Kettlebell One Arm Jerk

Learn how to do the Kettlebell One Arm Jerk with proper form and technique. This kettlebell exercise primarily targets your Delts, with secondary emphasis on Triceps, Core.

Kettlebell One Arm Jerk exercise demonstration showing proper form

How to Do the Kettlebell One Arm Jerk

Follow these steps to perform the Kettlebell One Arm Jerk with correct form:

  1. 1Stand with your feet shoulder-width apart, holding a kettlebell in one hand at shoulder height.
  2. 2Bend your knees slightly and engage your core.
  3. 3Press the kettlebell overhead in a straight line, fully extending your arm.
  4. 4As you press the kettlebell overhead, simultaneously dip your knees and quickly straighten them to generate momentum.
  5. 5As the kettlebell reaches its highest point, quickly drop underneath it by bending your knees and hips.
  6. 6Catch the kettlebell with a slight bend in your knees and hips, and your arm fully extended overhead.
  7. 7Stand up straight, fully extending your knees and hips, and stabilize the kettlebell overhead.
  8. 8Lower the kettlebell back to the starting position by bending your knees and hips, and repeat for the desired number of repetitions.

Kettlebell One Arm Jerk Muscles Worked

Primary

Secondary

tricepscore

Exercise Details

Equipment
kettlebell
Body Part
shoulders
Category
Extended

Related Exercises

Frequently Asked Questions

What muscles does the Kettlebell One Arm Jerk work?

The Kettlebell One Arm Jerk primarily targets your Delts.

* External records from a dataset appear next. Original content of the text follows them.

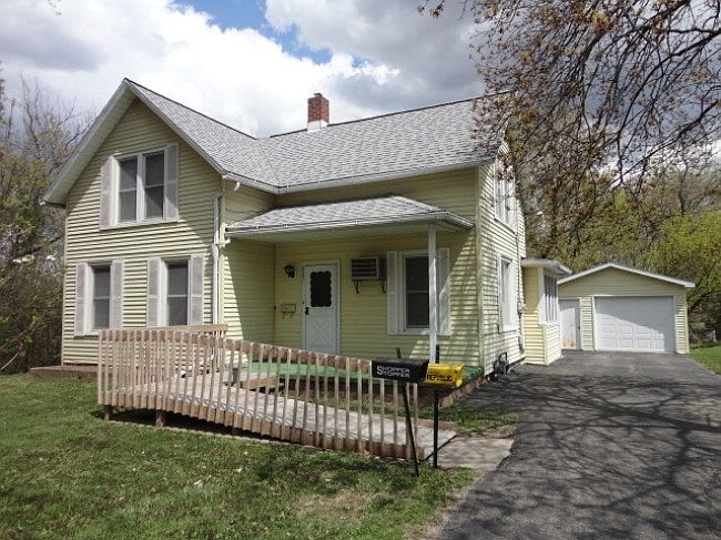 Cute but dated 2 bedroom, 2 bath home. Solid "bones". The creative person/handy man can turn this into a gem. Roof new in 2004. Front porch for enjoying warm summer nights. Enclosed porch on the back. Oversized single car garage. Furnace new in 2013. Great starter home.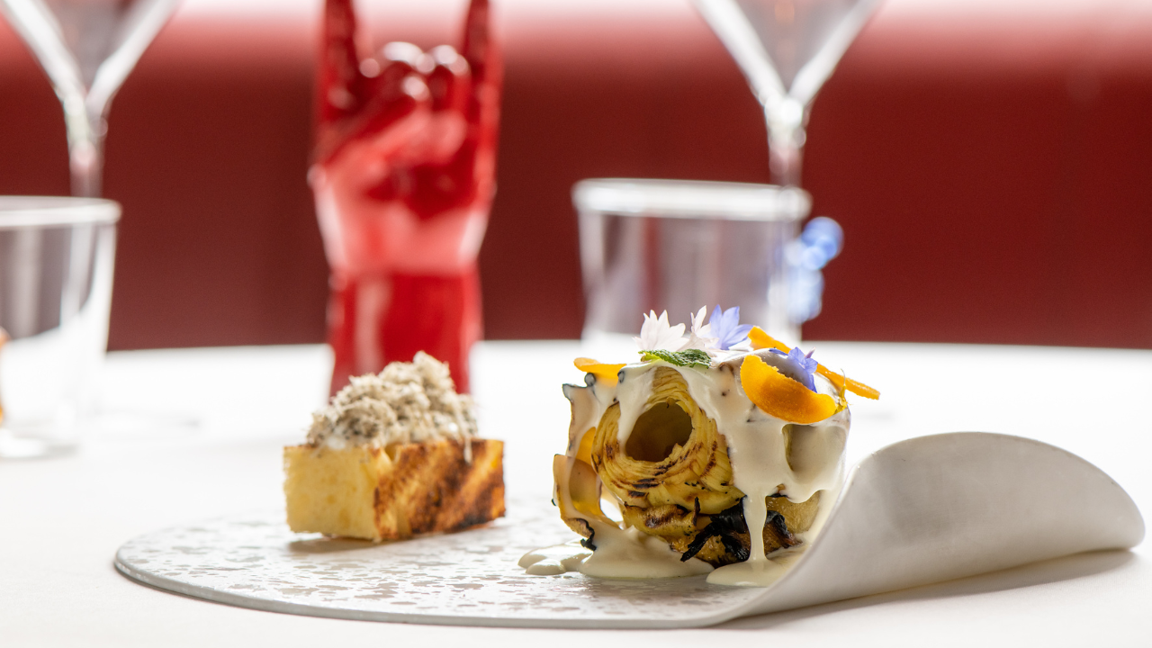 Nel piatto c’è tutto quello che il tempo e le esperienze gli hanno trasmesso, a partire dal risotto Milano/Napoli per arrivare al Babà tra sacro e profano abbinato a un gelato al pop corn, passando attraverso astice, cavolo viola, caprino e gazpacho d’uva o lo sgombro ’45’, tzatziki, rapa rossa e salicornia.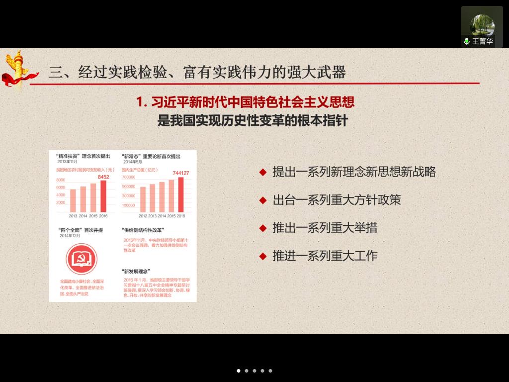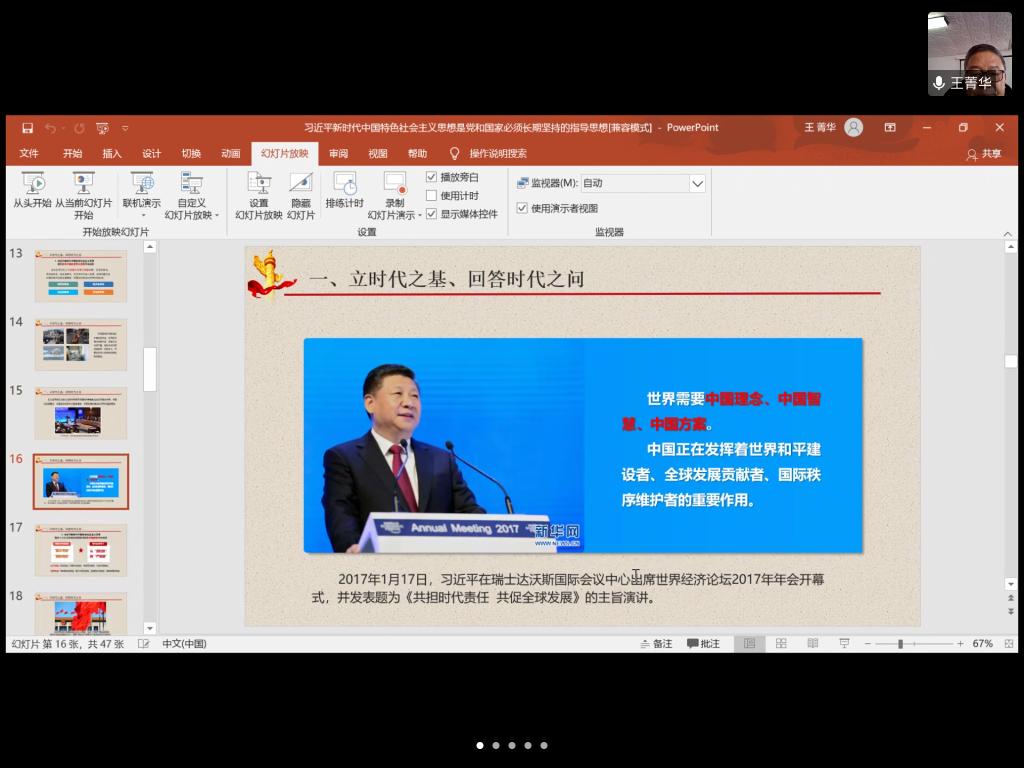 经过前期精心准备,马克思主义学院选择性必修课《习近平新时代中国特色社会主义思想概论》于4月22日如期开讲,马克思主义学院党总支书记王菁华教授通过腾讯会议方式为19级马克思主义中国化方向硕士研究生开讲第一专题:“习近平新时代中国特色社会主义思想的基本内涵与历史地位”。王菁华教授着重从“习近平新时代中国特色社会主义思想”的基本内涵、主要内容、基本特点与历史意义等四个方面给研究生全方位地解读了“习近平新时代中国特色社会主义思想”的整体组成。
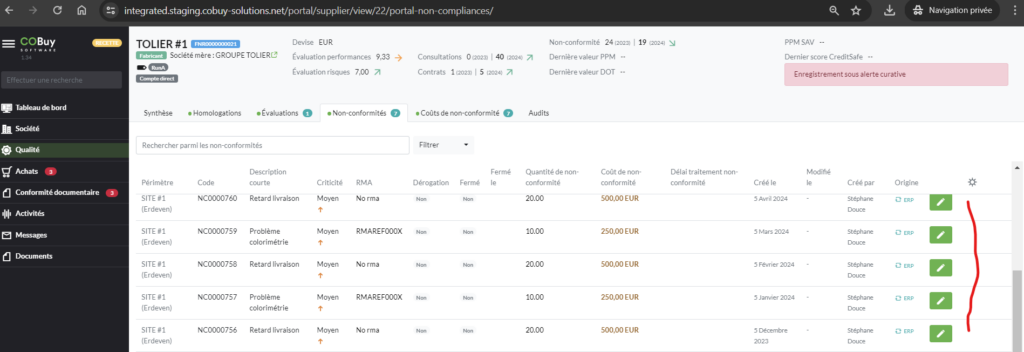 Informations : pour accéder aux détails d'un enregistrement (ex : non-conformité) cliquez sur le bouton vert situé complètement à droite de la ligne d'enregistrement les alertes préventives (échéance à venir) et curatives (échéance dans le passé) sont matérialisées par respectivement une étiquette "jaune" et une étiquette "rouge" une étiquette "bleue" identifie les nouveaux enregistrements dans une liste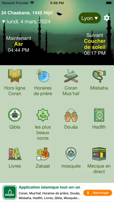 • Qibla Finder: Animated Qibla compass to show you the direction to Makkah.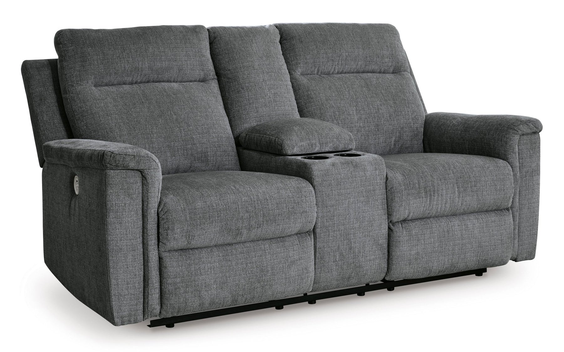 Fabric, DBL REC PWR Loveseat w/Console, Light, One-touch power control with adjustable positions and zero-draw USB port;Zero-draw technology only consumes power when the USB receptacle is in use;Corner-blocked frame with metal reinforced seat;Attached cushions;High-resiliency foam cushions wrapped in thick poly fiber;Polyester micro chenille upholstery;Center console with 2 cup holders and hidden storage;Power cord included; UL Listed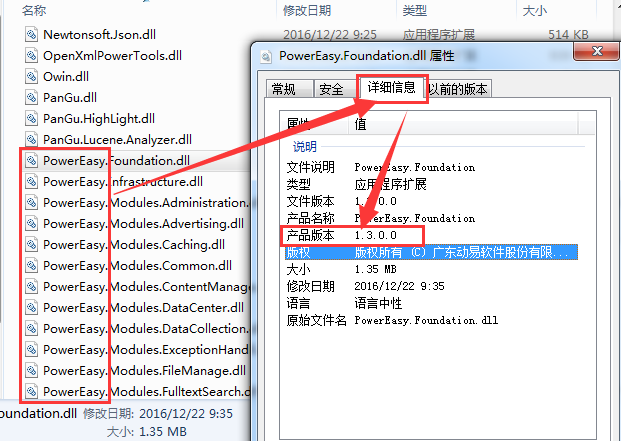 在网站根目录下的BIN文件夹里,以PowerEasy开头的DLL文件,查看其属性,选择“详细信息”选项卡,里面也标注了产品的版本号,在不方便进入网站后台时,用这方法查看系统的版本号尤为方便。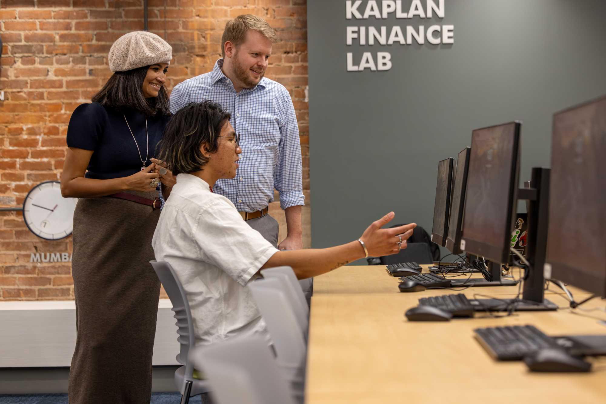 Kang Doung, an inaugural memeber of UWL's Undergraduate Research & Creativity Laureate Program, chats with his mentors, Adam Stivers and Nabamita Dutta.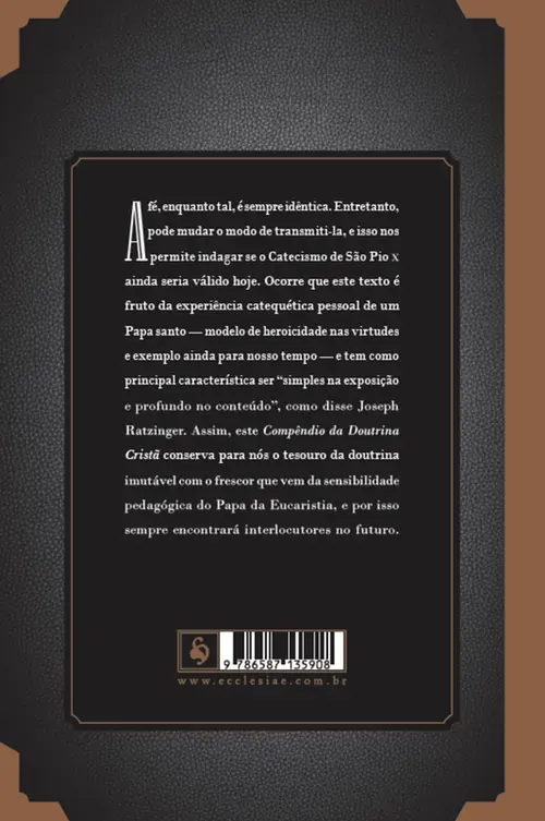 A fé, enquanto tal, é sempre idêntica. Entretanto, pode mudar o modo de transmiti-la, e isso nos permite indagar se o Catecismo de São Pio x ainda seria válido hoje. Ocorre que este texto é fruto da experiência catequética pessoal de um Papa santo — modelo de heroicidade nas virtudes e exemplo ainda para nosso tempo — e tem como principal característica ser “simples na exposição e profundo no conteúdo”, como disse Joseph Ratzinger. Assim, este Compêndio da Doutrina Cristã conserva para nós o tesouro da doutrina imutável com o frescor que vem da sensibilidade pedagógica do Papa da Eucaristia, e por isso sempre encontrará interlocutores no futuro.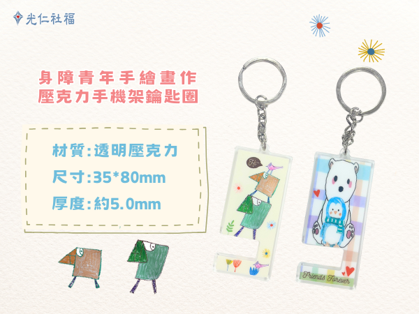 ★捐款滿350元 | 索取「身障青年畫作壓克力手機架鑰匙圈」乙個。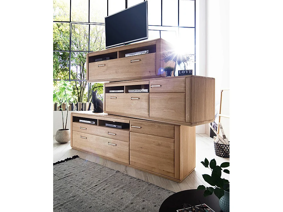 Meuble TV coloris chêne blanchi huilé - Longueur 179 x Hauteur 54 x Profondeur 51 cm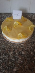 philadelphia 450g, zucchero 100g, panna montata 250g, marmellata di limone 5g, gelatina 13g. Burro fuso 1/2 frolla utilizzata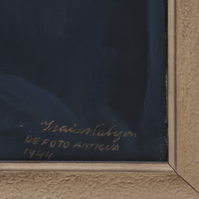 Retrato de medio cuerpo de una figura masculina con uniforme militar azul oscuro y charreteras doradas, sobre fondo liso. Está enmarcado en marco de madera.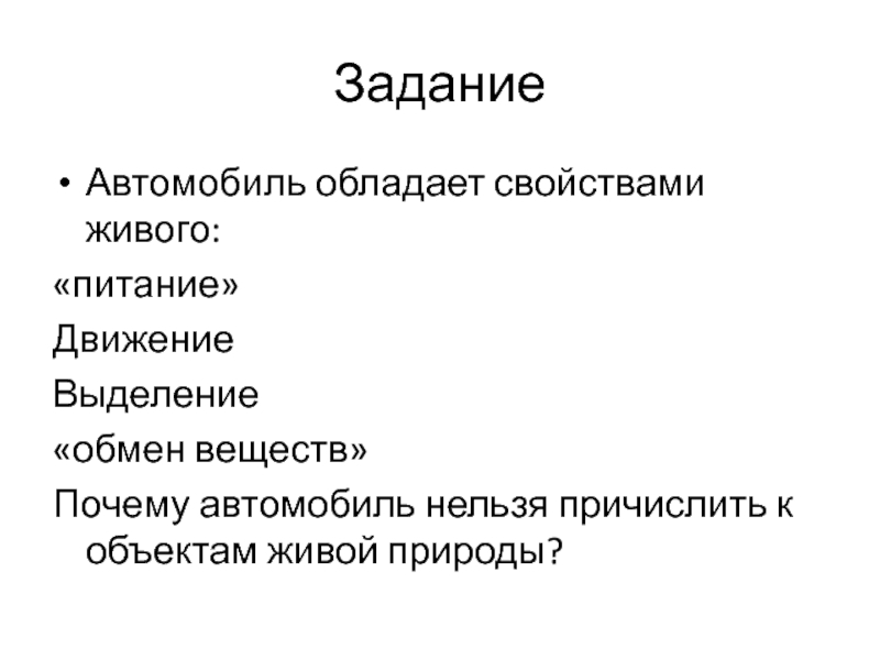 Задание Автомобиль обладает свойствами живого:«питание»ДвижениеВыделение «обмен веществ»Почему автомобиль нельзя причислить к объектам живой природы?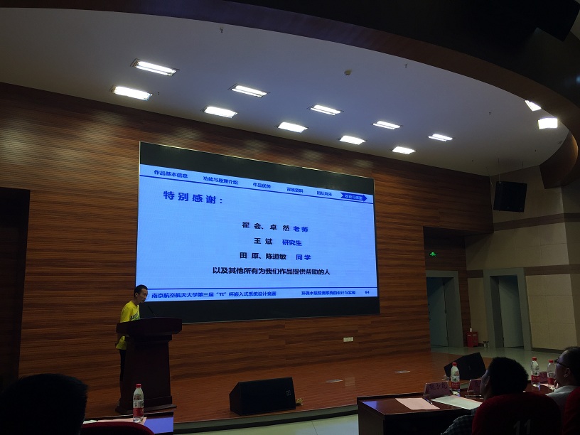 最后是本次活动的最后一个环节:颁奖典礼。首先由Ebook漫画 副院长赵永久教授对本次比赛进行了总结,并对德州仪器公司的大力支持表示感谢。接着由德州仪器公司王承宁总监致辞,希望可以与校方有更多的合作领域和机会。随后,专家评委代表夏伟杰、魏小龙分别对作品进行了点评。本次比赛共选出特等奖2组,一等奖6组,二等奖12组。获得特等奖的两组作品分别是环保水质监测系统的设计与实现(专业组)、智能爬杆机器人(普通组)。这两组也分别派出代表向在场嘉宾和同学们进行了简要展示。此次闭幕式在全场热烈的掌声中圆满结束。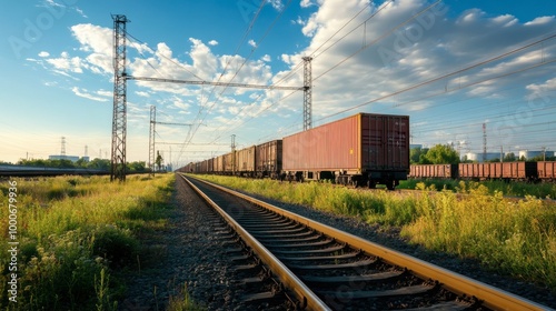 © phattharabodin, Fototapeta premium Electric poles running alongside a railway line cutting through an industrial area, with freight trains passing by.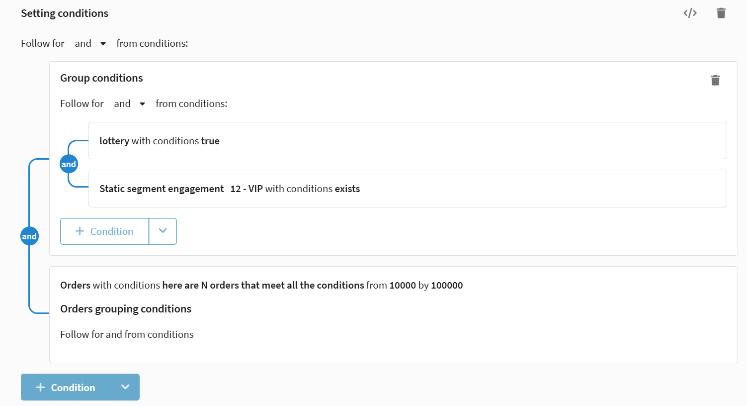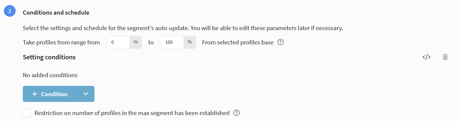 After configuring the conditions, you can set limitations by activating the checkbox "Set a limit on the maximum number of profiles in the segment" to specify a limit. This limitation is applied to the selection result after selection by range and conditions.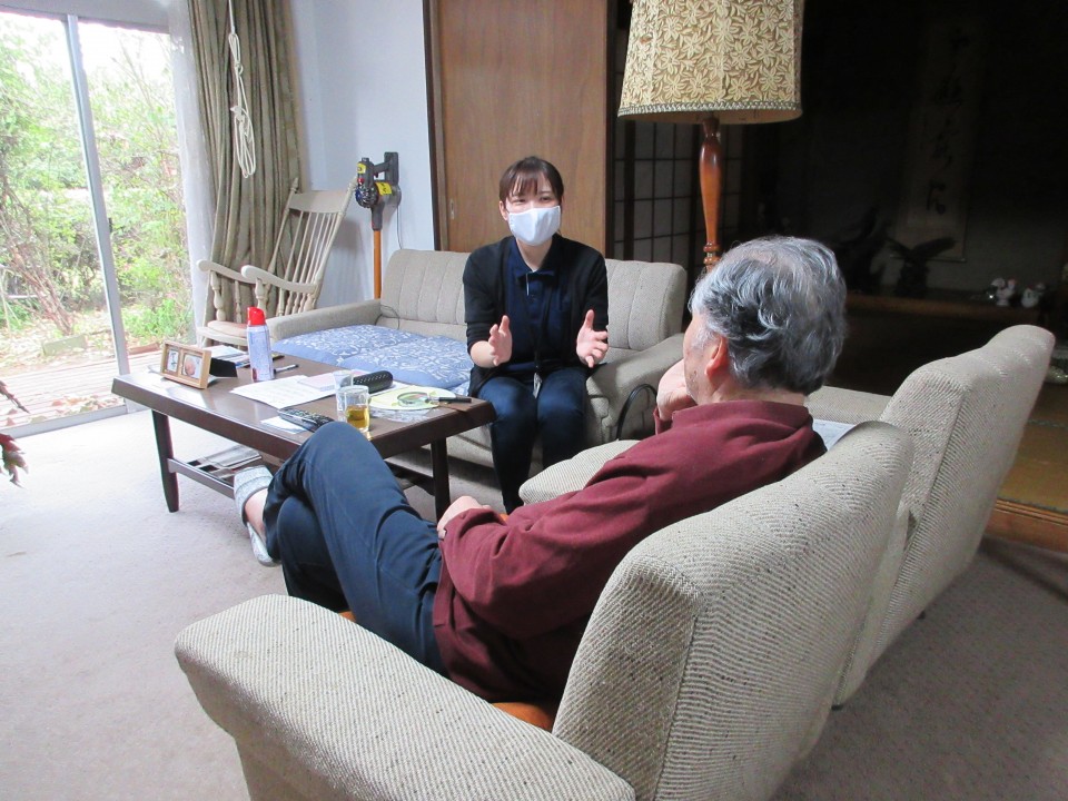 ↑ケアマネが毎月、利用者様の生活状況などを聞き取り、ケアプランが適切かどうか確認されます。

Secondary muscles worked include Triceps, Core. This makes it an effective exercise for developing your shoulders.

What equipment do I need for the Kettlebell One Arm Jerk?

The Kettlebell One Arm Jerk requires kettlebell. Make sure your equipment is properly set up and you have enough space to perform the movement with full range of motion.

How do I perform the Kettlebell One Arm Jerk with proper form?

Start by stand with your feet shoulder-width apart, holding a kettlebell in one hand at shoulder height.. Bend your knees slightly and engage your core. Press the kettlebell overhead in a straight line, fully extending your arm. Focus on controlled movement throughout the entire range of motion. See the full step-by-step instructions above for complete form guidance.

Track Kettlebell One Arm Jerk in Cora

Cora creates AI-powered workout plans that adapt to your recovery. Log exercises, track progress, and get personalized coaching.